Au total, 72 843 incendies ont été enregistrés. Les nuages de fumée sont clairement visibles sur les images satellites de la Nasa. Selon l'Institut national de recherche spatiale (INPE), la déforestation en juillet y a été quasiment quatre fois supérieure au même mois de 2018.

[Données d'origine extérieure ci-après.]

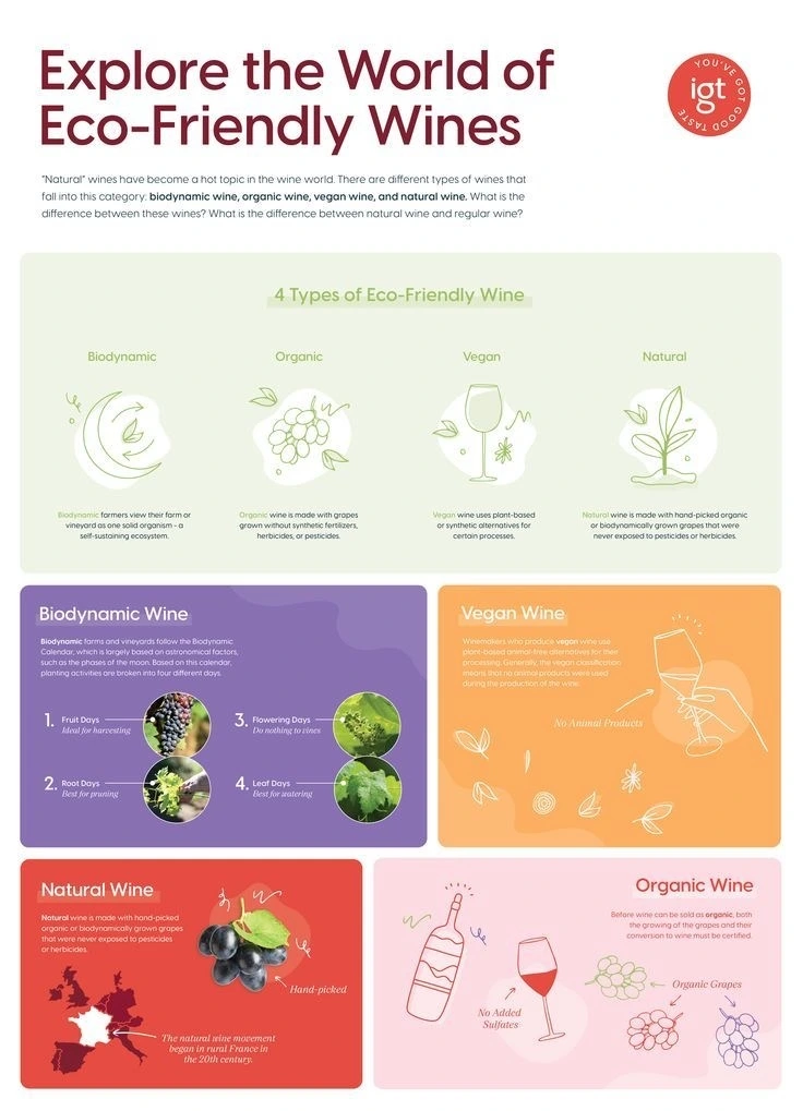 이 양극단 사이에 수많은 와인들이 존재합니다. 예를 들면 유기농 재배한 포도로 만들지만 생산자가 인공 효모를 비롯한 여러 첨가물을 넣는 와인도 있고 바이오 다이나믹 농법으로 재배한 포도를 사용해 자연 효모를 이용해 발효시키며 최소한의 첨가물만 넣지만 여과 및 청징 과정을 거치는 와인도 있어요.

Dans la plupart des cas, ce sont des zones privées qui sont touchées. Mais les incendies ont également frappé à maintes reprises des réserves naturelles ainsi que les terres des autochtones. «Ce n'était pas suffisant pour eux de tuer notre rivière, maintenant ils brûlent notre forêt», déclare désespérément une indigène dans une vidéo (voir ci-dessus). Cela provoque une perte de la biodiversité et de la fonction de la forêt, celle de fournir des nuages à l'atmosphère pour produire la pluie. Les fumées au-dessus des villes amazoniennes ont de graves conséquences sur la santé et provoquent de sérieux problèmes respiratoires. Mercredi, Sao Paulo a d'ailleurs été plongé dans une ambiance apocalyptique.

Ces images impressionnantes ont déclenché une tempête anti-Bolsonaro sur les réseaux sociaux. Sur Twitter, le mot-clé #PrayforAmazonas (Prions pour l'Amazonie en français) était la première tendance mondiale. De nombreux internautes s'indignaient en postant des photographies et vidéos montrant des pans entiers de forêt dévorés par des rideaux de flammes. «Seize jours que la forêt amazonienne brûle et personne n'est au courant», déplorait un internaute. «Notre maison brûle et nous regardons ailleurs», s'indignait un autre.

«Empereur Néron»

Mercredi soir, le président brésilien a accusé les environnementalistes d'être derrière les feux de forêt. «On a retiré l'argent aux ONG. Elles recevaient 40% des subventions venant de l'étranger. Elles ne les ont plus. On a aussi mis fin à leurs subventions publiques», a déclaré Bolsonaro aux journalistes.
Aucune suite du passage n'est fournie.